*Brief*
Once you find the line with "မွန်ပြည်နယ်၊ သထုံခရိုင်၊ သထုံမြို့၊" in the data below, transcribe exactly each line from there to the line with "24 October 2004;", inclusive, and nothing else. Drop the pictures.
Data shown below:
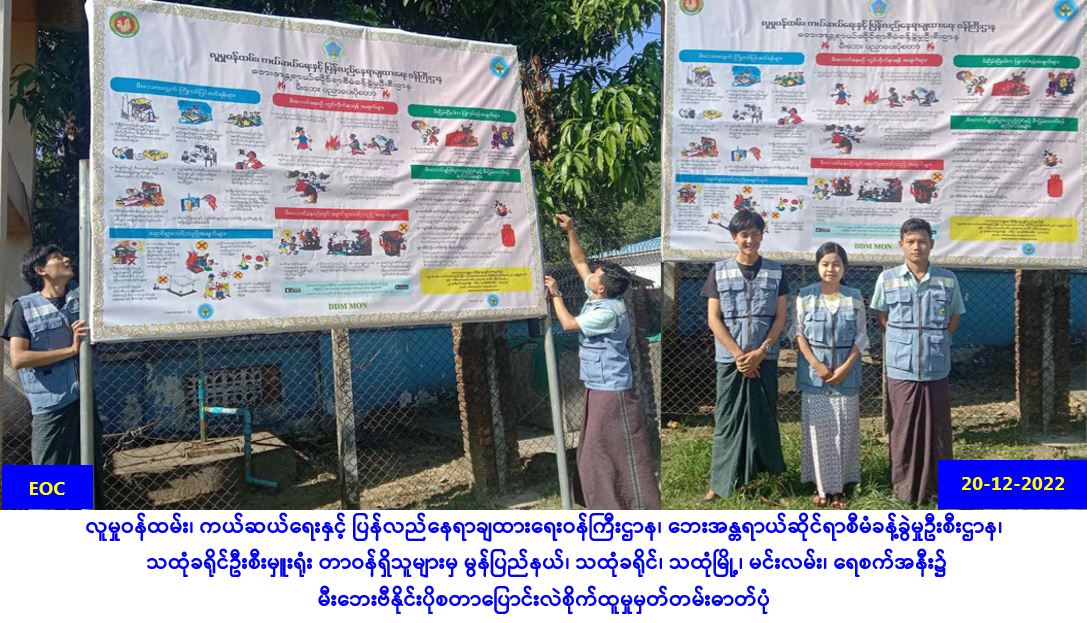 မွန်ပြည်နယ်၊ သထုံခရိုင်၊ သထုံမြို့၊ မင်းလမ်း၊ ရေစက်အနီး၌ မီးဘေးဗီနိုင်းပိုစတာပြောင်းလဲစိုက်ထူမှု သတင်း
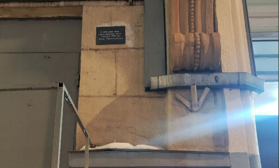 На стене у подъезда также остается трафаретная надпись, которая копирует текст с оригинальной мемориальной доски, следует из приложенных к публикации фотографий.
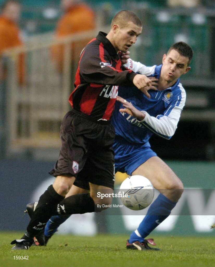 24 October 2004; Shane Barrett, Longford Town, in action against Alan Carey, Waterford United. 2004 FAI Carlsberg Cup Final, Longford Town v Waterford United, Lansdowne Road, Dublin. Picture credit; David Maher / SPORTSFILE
End of Data shown.
Data shown below:
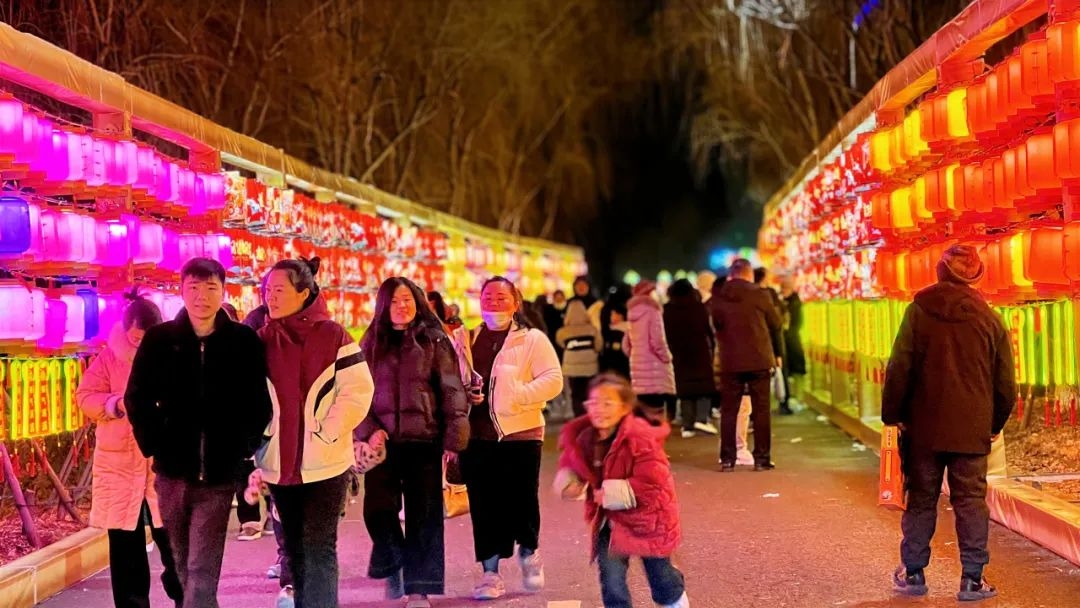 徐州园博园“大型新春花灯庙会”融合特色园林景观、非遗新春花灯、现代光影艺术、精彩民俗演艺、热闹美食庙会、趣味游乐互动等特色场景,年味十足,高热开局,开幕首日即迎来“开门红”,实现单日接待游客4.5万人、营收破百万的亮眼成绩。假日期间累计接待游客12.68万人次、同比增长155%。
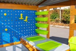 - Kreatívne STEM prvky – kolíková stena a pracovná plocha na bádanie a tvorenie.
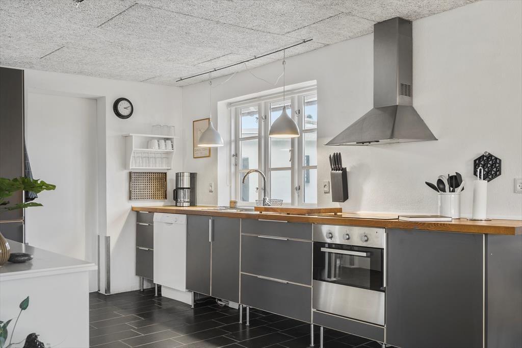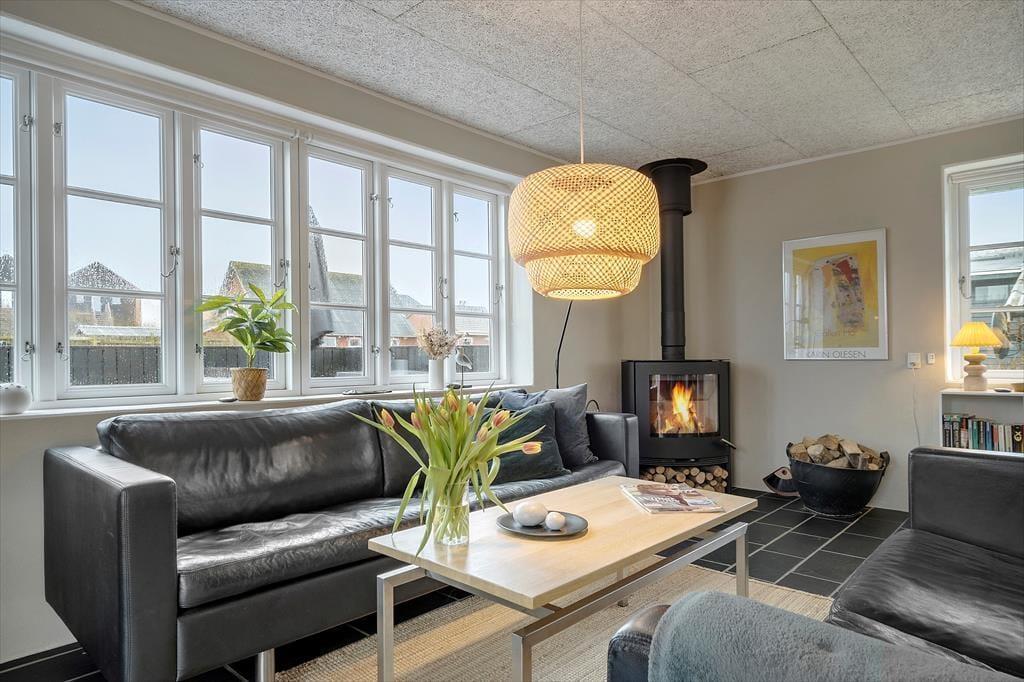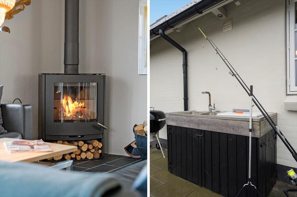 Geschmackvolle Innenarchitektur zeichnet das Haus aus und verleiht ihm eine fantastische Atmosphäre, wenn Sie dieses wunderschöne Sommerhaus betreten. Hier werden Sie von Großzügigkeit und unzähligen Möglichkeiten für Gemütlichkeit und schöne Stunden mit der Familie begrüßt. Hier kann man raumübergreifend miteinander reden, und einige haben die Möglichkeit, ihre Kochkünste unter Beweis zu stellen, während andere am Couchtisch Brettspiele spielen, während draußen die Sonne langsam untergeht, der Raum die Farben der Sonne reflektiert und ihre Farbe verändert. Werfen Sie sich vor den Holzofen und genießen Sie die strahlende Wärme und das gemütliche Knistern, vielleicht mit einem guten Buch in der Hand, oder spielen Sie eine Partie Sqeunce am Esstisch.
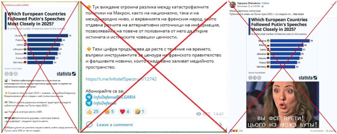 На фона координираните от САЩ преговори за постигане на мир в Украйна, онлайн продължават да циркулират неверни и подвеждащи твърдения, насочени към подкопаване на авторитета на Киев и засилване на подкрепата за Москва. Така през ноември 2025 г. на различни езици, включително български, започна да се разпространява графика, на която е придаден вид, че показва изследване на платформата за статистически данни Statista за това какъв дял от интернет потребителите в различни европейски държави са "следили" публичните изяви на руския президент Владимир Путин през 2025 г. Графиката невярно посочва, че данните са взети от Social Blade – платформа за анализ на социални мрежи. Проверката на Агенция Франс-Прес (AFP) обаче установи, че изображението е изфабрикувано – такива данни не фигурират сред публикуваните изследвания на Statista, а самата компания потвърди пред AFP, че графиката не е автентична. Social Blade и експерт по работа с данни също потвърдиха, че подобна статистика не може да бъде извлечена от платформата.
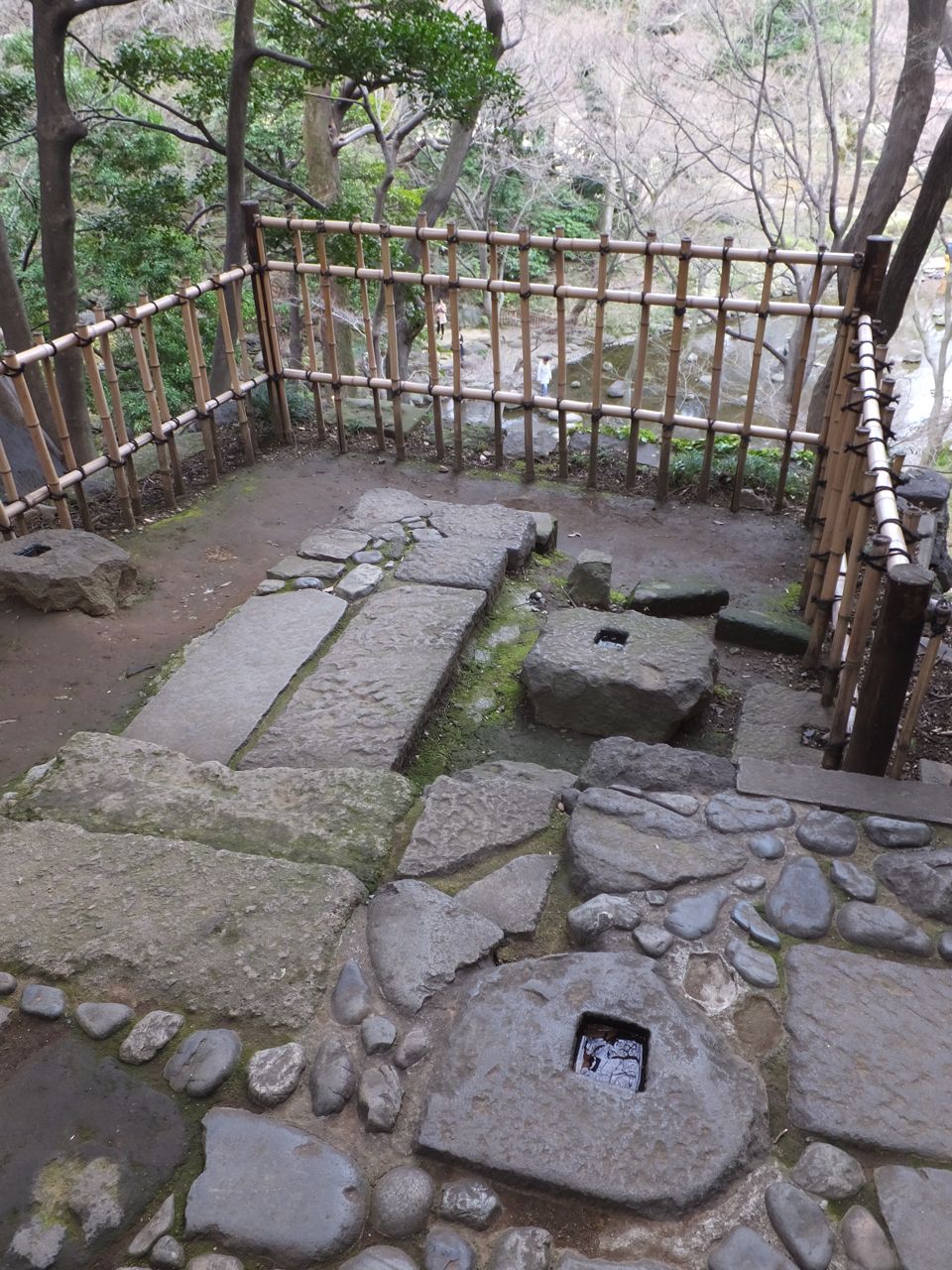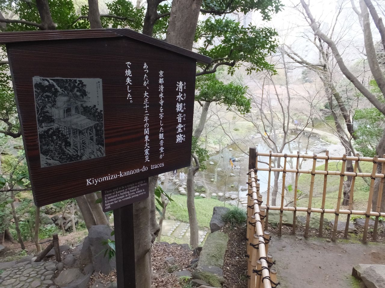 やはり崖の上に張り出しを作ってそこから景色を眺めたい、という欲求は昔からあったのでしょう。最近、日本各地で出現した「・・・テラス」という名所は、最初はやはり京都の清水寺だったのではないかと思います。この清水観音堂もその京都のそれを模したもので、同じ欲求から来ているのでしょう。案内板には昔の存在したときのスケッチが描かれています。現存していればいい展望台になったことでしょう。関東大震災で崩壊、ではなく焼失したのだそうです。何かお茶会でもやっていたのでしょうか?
End of Data shown.
Data shown below:
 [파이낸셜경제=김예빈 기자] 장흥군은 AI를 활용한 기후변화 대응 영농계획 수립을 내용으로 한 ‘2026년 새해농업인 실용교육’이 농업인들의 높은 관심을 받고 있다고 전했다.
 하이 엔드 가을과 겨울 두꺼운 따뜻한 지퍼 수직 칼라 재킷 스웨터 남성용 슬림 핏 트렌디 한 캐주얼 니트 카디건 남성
End of Data shown.
*Exercise solution*
 မွန်ပြည်နယ်၊ သထုံခရိုင်၊ သထုံမြို့၊ မင်းလမ်း၊ ရေစက်အနီး၌ မီးဘေးဗီနိုင်းပိုစတာပြောင်းလဲစိုက်ထူမှု သတင်း
 На стене у подъезда также остается трафаретная надпись, которая копирует текст с оригинальной мемориальной доски, следует из приложенных к публикации фотографий.
 24 October 2004; Shane Barrett, Longford Town, in action against Alan Carey, Waterford United. 2004 FAI Carlsberg Cup Final, Longford Town v Waterford United, Lansdowne Road, Dublin. Picture credit; David Maher / SPORTSFILE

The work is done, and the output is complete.